### Aim of the task
Skip the pictures and restate, word for word, the lines from the one containing "1926 Chater-Lea 348" to the end of the data below.

### Supplied information
◇ ◇ ◇

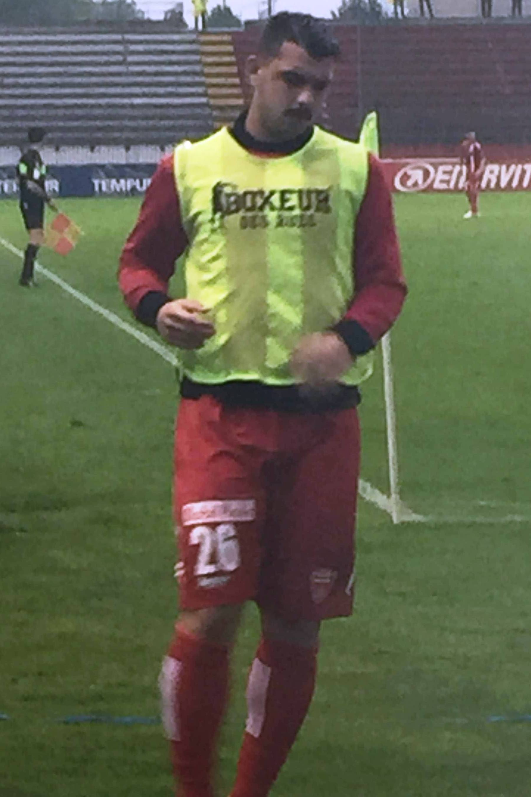 Monza - Viterbese, Coppa Italia Serie C Final 2019
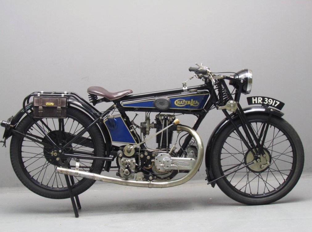 1926 Chater-Lea 348 cc “ Super Sports” OHV Blackburne frame # 267513 engine # CK 1645 3337
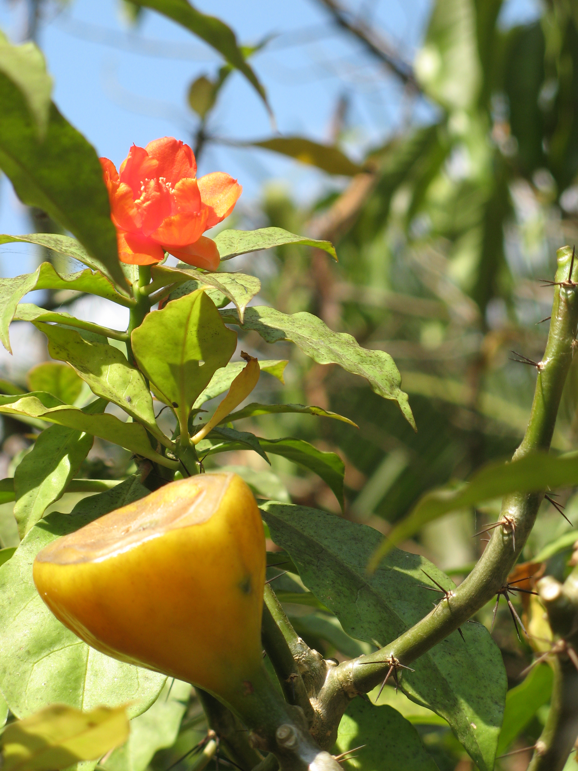 Pereskia bleo fruit

◇ ◇ ◇

### Solution to the exercise
 1926 Chater-Lea 348 cc “ Super Sports” OHV Blackburne frame # 267513 engine # CK 1645 3337
 Pereskia bleo fruit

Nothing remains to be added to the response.